SQL> alter user cloud_user quota unlimited on users;

SQL> grant EXECUTE on dbms_cloud to cloud_user;

 

DBMS_CLOUD Credential            

Log in as CLOUD_USER user and use the function CREATE_CREDENTIAL to create an AWS credential.

 

BEGIN

DBMS_CLOUD.CREATE_CREDENTIAL(

     credential_name => 'imp_user',

     username => ' AKIA5U2W123L27UB5RFA',

     password => ' eXWPlCOU+rtfKAuVaTAsdBPWg2moeidksC711x+N'

);

END;

/

Testing the DBMS_CREDENTIAL

In your AWS Console, go to your bucket and then select any of the files. In the Properties tab you will find an Object URL. Copy that URL and use replace it in the following query:

 

Remove the Object name and leave only the bucket’s URL:

SQL> select * from dbms_cloud.list_objects('imp_user', 'https://vnadatapump.s3.us-west-2.amazonaws.com');

 

As the result of the query, you will see the list of objects inside the bucket:

 

Import data from S3 using Data Pump

Create a local directory to store Data Pump log files.

SQL> create or replace directory impdir as '/home/oracle/impdir';

SQL> grant read, write on directory impdir to cloud_user;

 

I executed the following Data Pump Import job:

impdp cloud_user/passd1#@vnapdb1 \

   schemas=hr \

   credential=imp_user \

   dumpfile=https://vnadatapump.s3.us-west-2.amazonaws.com/hr.dmp \

   logfile=impdp_hr.log

 

Unfortunately, I got the following error message:

ORA-39001: invalid argument value

ORA-39000: bad dump file specification

ORA-31640: unable to open dump file "https://vnadatapump.s3.us-west-2.amazonaws.com/hr.dmp" for read

ORA-27037: unable to obtain file status

Linux-x86_64 Error: 2: No such file or directory

Additional information: 7

 

The error is caused by a bug already reported by Oracle in the MOS Note (Doc ID 2806178.1)

 

In order to fix the issue, execute the following commands:

 

# Turn everything off.

dbshut $ORACLE_HOME

 

cd $ORACLE_HOME/rdbms/lib

make -f ins_rdbms.mk opc_on

 

# Turn everything on.

dbstart $ORACLE_HOME

 

I executed the Data Pump import job again and everything is working fine now:

 

This way, we can import data directly from an AWS S3 bucket.

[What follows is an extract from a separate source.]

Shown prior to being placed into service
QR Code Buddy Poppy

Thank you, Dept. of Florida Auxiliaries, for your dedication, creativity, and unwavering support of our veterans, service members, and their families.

Data Pump is only one of the options we have for interacting with external data. DBMS_CLOUD also provides functions able to copy data and create external tables. For example.

 

Copying data from S3 and insert it in an Oracle Database table:

BEGIN

   DBMS_CLOUD.COPY_DATA(

       table_name => 'myTable',

       credential_name => 'imp_user',

       file_uri_list => ' https://vnadatapump.s3.us-west-2.amazonaws.com/data.txt',

       format => json_object('delimiter' value ',')

   );

END;

/

 

Or Creating and external table using data from a S3 bucket:

SQL> BEGIN

     DBMS_CLOUD.CREATE_EXTERNAL_TABLE(

         table_name       => 'myexternal',

         credential_name => 'imp_user',

         file_uri_list   => ' https://vnadatapump.s3.us-west-2.amazonaws.com/data.csv',

         column_list     => 'id NUMBER, descruption VARCHAR2(40)',

         format           => json_object('delimiter' value ',')

     );

END;

/

 

Summary

  • DBMS_CLOUD is a powerful tool for interacting with Cloud Storage resources. Complete all the steps described in the MOS Doc ID 2748362.1 for a proper configuration.
  • Remember that direct Data Pump Imports are available from any Cloud provider (Oracle, AWS, Azure, etc.), but direct Exports are available only to OCI Storage Buckets (for now).
  • The instructions in this article are assuming you have all the necessary network and security settings to access your cloud provider from the database server.
  • The bug found during the process is affecting Oracle 21.3 and Oracle 21.4 release updates. The described workaround is necessary for these versions.